Hungry for more

Hungry for more

Bollywood buzz

Hungry for more

Fifteen years after Refugee, Abhishek Bachchan’s desire to excel and be the best has never diminished. The long struggle of four years of flops has burnished the man personally and professionally, akin to the proverbial diamond. Come Hum Tum, the three blockbusters in the Dhoom franchise, Phir Milenge, Sarkar and Sarkar Raj, Bunty Aur Babli, Bluffmaster!, Guru, Dostana, Delhi-6, Paa, Dum Maaro Dum, Bol Bachchan and Happy New Year, the desire to be different in every character has only increased. And as we all know, he has also been a successful, money-savvy producer (Paa, Bbuddah... Hoga Terra Baap) as well.

New horizons

We begin our chat on this note, and Abhishek thanks us for this assessment and says, “I think that the best way for me is to look for new things and higher standards. I want to explore new horizons. I am hungry to do good work in diverse films and have never been complacent. If I do get so, that is the day I should stop acting.”

He is sincerely grateful to the audience and the media support for a fantastic 15-year journey. “I want to thank you all, for without your support, all this would not have been possible. I do not want to trade in anything from this ride, and I would like you guys to give me another 15 years at least in the profession.”

Abhishek’s latest release, T-Series’ All Is Well¸ has hit the screens. This is said to be a modern-day version of the classic Shravan Kumar story in Hindu mythology. “Actually, director Umesh Shukla has based this unique tale around the old fable,” he lets on. “In the film, I am actually a selfish son, and it is only later that I become a good and idealistic beta.”

All his memories of a fun association with Chintu uncle (Rishi Kapoor) from the films starring his father Amitabh Bachchan with him from the ‘70s to the ‘90s crystallised into an unforgettable experience while on the sets. This was their most intimate screen combination after Hum Tum and Delhi-6 and, since all we get is 10 minutes on the phone, Abhishek succinctly puts it this way: “It was an honour to spend so much time with Chintu uncle.”

As for his other co-stars, it is believed that he hit it off fabulously with his on-screen mom Supriya Pathak Kapoor and even taught her to discover new aspects of her cellphone and initiated her into online social media. Time constraints loom again and he quickly summarises: “She is such a fine actor.”

With Asin, it was an easy transition from sister in Bol Bachchan to romantic co-star here. “We are all actors, and it does not matter what roles we get to play,” he declares. “My father has been son to one of his most frequent heroines, Raakhee-ji, in Shakti. Yes, a real-life rapport enhances work together, as it happened with Chintu uncle too, though in films we sometimes have to be buddies on screen even if we do not get along with someone.”

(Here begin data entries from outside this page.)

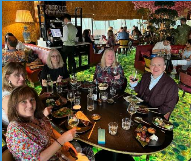
Friendships - local or nationwide

Spice Social is the largest social membership organisation in the UK. There's an incredible range of events, weekends away, holidays and much more, focusing on fun and friendship. Feel comfortable coming on your own, knowing that you're in a group of like-minded people. Check now to see what's on in the Manchester Group, which spans Cheshire, Blackburn, Crewe, Oldham, Preston and Stoke
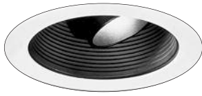
LC141 (shown) Adjustable Gimbal Ring, Black Baffle
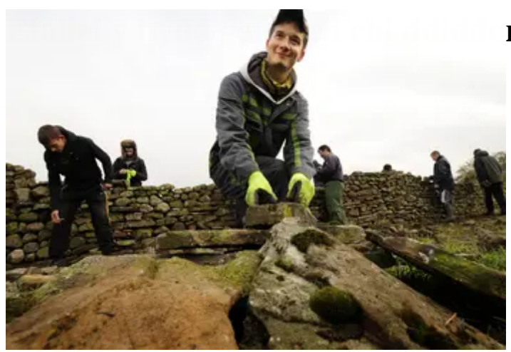
rdeb hefyd mewn ...

A trainee learns dry stone walling on an HLF project in the North West
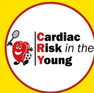
Cardiac Risk in the Young
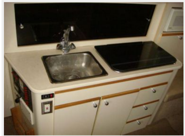
28' Bayliner galley photo2
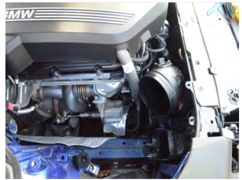
15. Secure both clamps on the 3.50" hump hose.
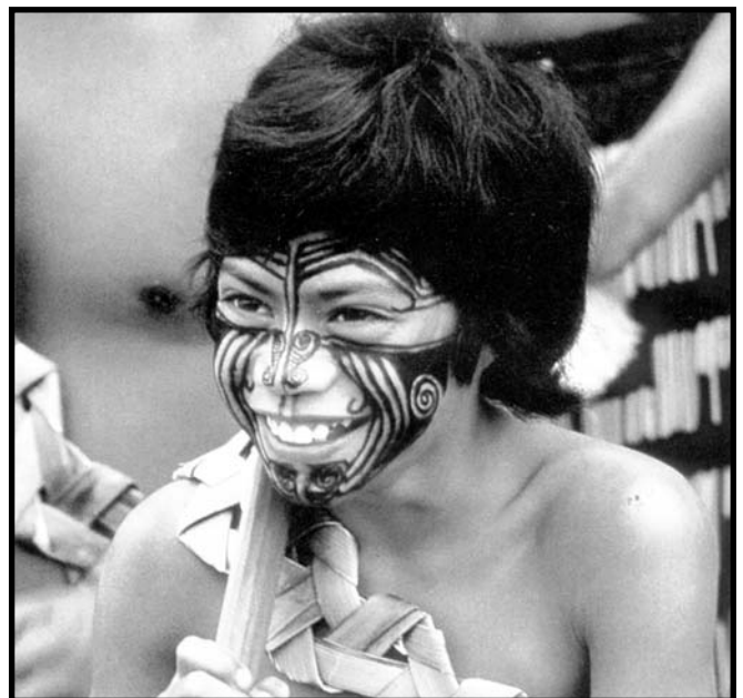
Young Maori Warrior in New Zealand
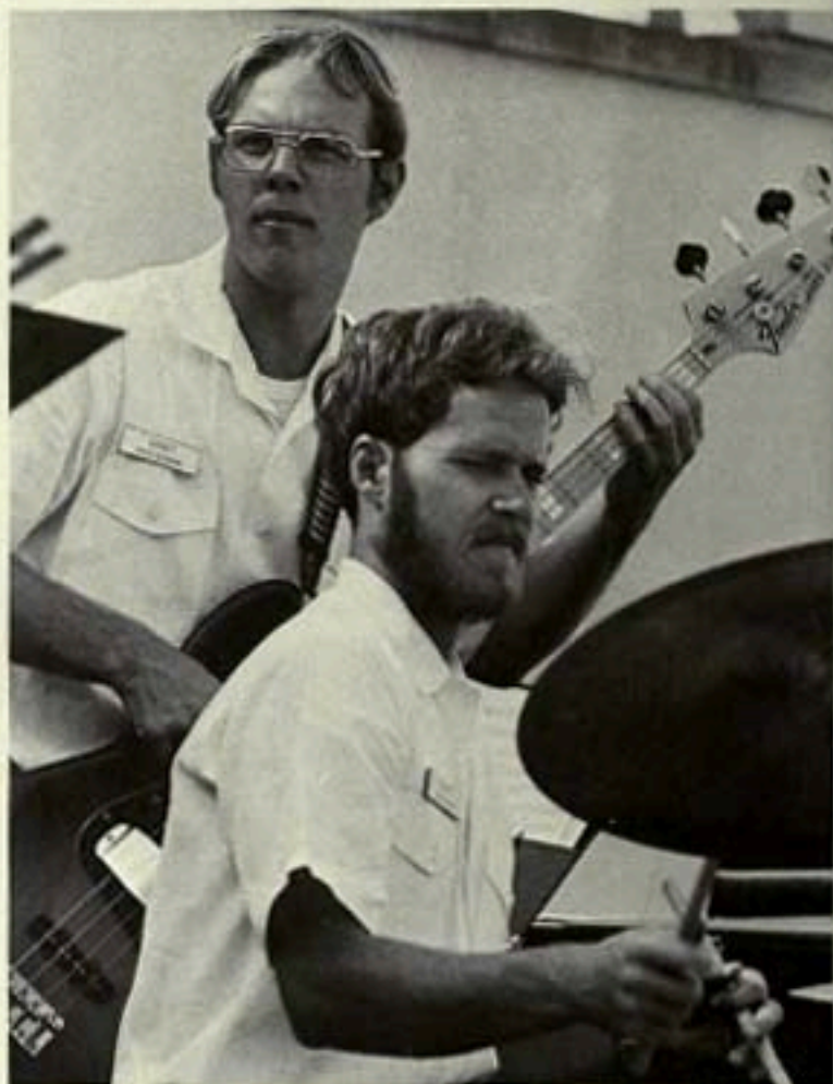
Spirit, a Navy jazz band, plays for the Navy birthday party.

The program continued its mission of training young men and women to fulfill the high responsibilities of command in active service.
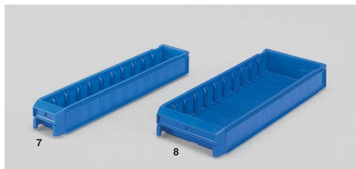
7 3.9 litres - Ref. 78610*

polypropylene divider for trays ref. 78420, 78520 & 78620. Dim.: 207 X 69 mm Dim.: 8.1 X 2.7" Wt: 0.04 kg/0.08 lbs. Colour: grey.
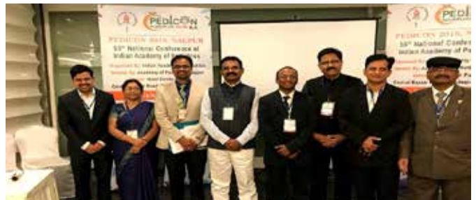
Pedicon Epilepsy workshop faculty
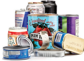
Food & Beverage Cans Latas de alimentos y bebidas
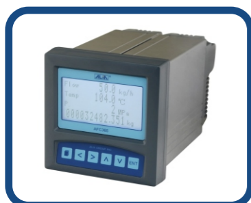
Flow Computer AFC365
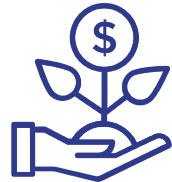
Financial Empowerment and Mobility
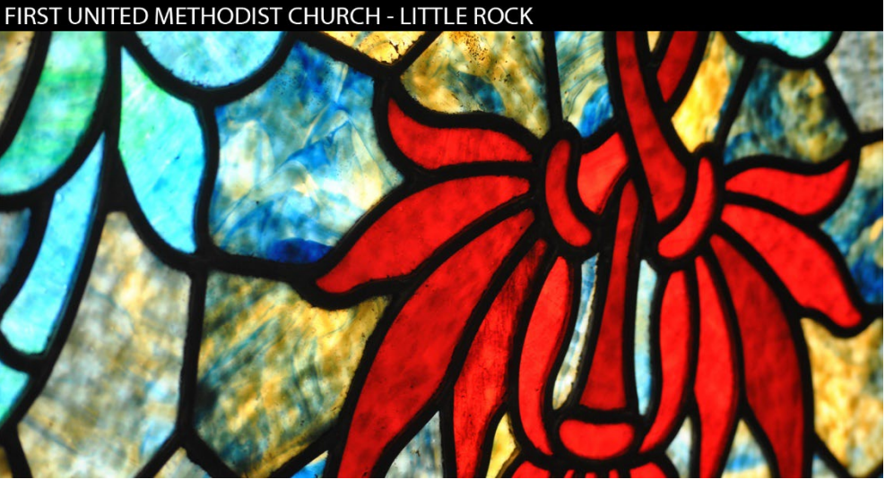
May 11, 2025 | FIRST TRADITION 11:00 AM | Fourth Sunday Of Easter

A fresh pairing in All Is Well is of his special dance number with Sonakshi Sinha. Since their families have known each other for decades, how was their equation? “If you are asking me whether I knew her well earlier, no, I did not. But she’s such a wonderful girl and I do hope to work with her in my future films.”

Looking ahead

Abhishek echoes the same enthusiasm when asked what he thinks of the girls from GenY — Shraddha Kapoor, Parineeti Chopra, Alia Bhatt and Kriti Sanon. “They are all brilliant and I would want to work with them,” he says, neither confirming nor denying a forthcoming film with one of them.

A key feature of his career, in the many multi-hero and ensemble cast films that he has done, is not to be overshadowed by others and often stealing the thunder himself. Does he specifically work at that? “No way. Films are about staying true to your story, script and character,” he replies promptly.

About his new initiative on Twitter, the hash-tag #BePositive, he is happy that he has set in a train of thought that is about “not just complaining”. “I am glad this was trending for over 24 hours and been supported by so many people,” he says.

The actor is upbeat about his wife Aishwarya Rai Bachchan’s return to acting in Jazbaa. “The first look of this film is exciting, emotional and hard-hitting and I know that she will do a great job,” he says.

What does he have to say about endorsing kabaddi through his Pro Kabbadi team, Jaipur Pink Panthers? Of course, he has already spoken a lot to the media, so is there anything he can add? “I am glad to be a pioneer, for this is India’s own sport that is played by over 36 countries — much more than the nations that play cricket. I am thrilled that kabaddi is growing from year to year,” he sums up.

Abhishek is now set to do Housefull 3 and Hera Pheri 3. Does he have any game plan for his career, or any ambitions about newer (for him) filmmakers on his wish-list?

“I do not think that such things can be decided or planned in any way beforehand,” he replies. “I would obviously like to work with every good director, and as a creative person, I would like to be still around 15 or more years later.”